Find The Angle

Let $\triangle ABC$ be an acute angled triangle. Let $A_1, B_1, C_1$ be the midpoints of $BC,CA,AB$ respectively. The internal angle bisector of $\angle C_1A_1B_1$ intersects lines $AB$ and $AC$ at points $A_2, A_3$ respectively. Let $M_A$ and $N_A$ be the circumcenters of $\triangle BCA_2$ and $\triangle BCA_3$ respectively. Points $M_B, N_B, M_C, N_C$ are defined analogously.
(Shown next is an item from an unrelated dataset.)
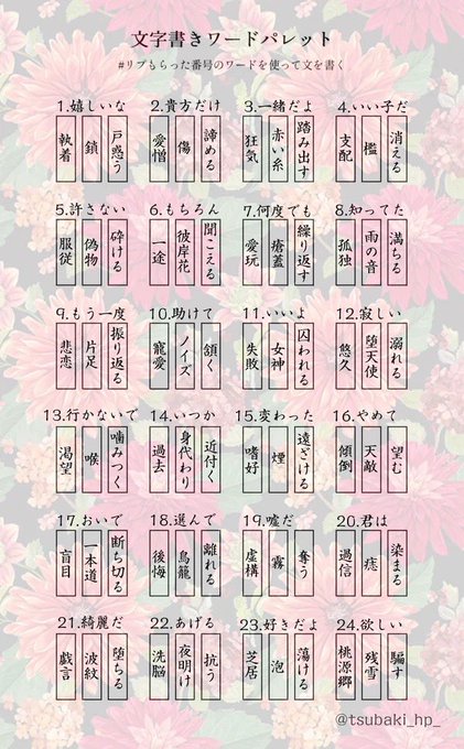 さすがに番号ごとには書けそうにないので書かれているワード一つ一つをお題に……

It turns out that lines $M_AN_A, M_BN_B, M_CN_C$ are concurrent at a point $X$ within $\triangle ABC.$ Given that $\angle ABC = 30^{\circ}, \angle BCA= 45^{\circ}$ and $k=\dfrac{AB+BC+CA}{XA+XB+XC},$ find $\left \lfloor 100 k \right \rfloor.$

Details and assumptions
- The floor function $\left \lfloor x \right \rfloor$ denotes the largest integer $\leq x.$ For example, $\left \lfloor 4.3 \right \rfloor = 4, \left \lfloor \pi \right \rfloor= 3.$
- You might use a scientific calculator.
- A picture will accompany soon.
- GeoGebra users will be prosecuted.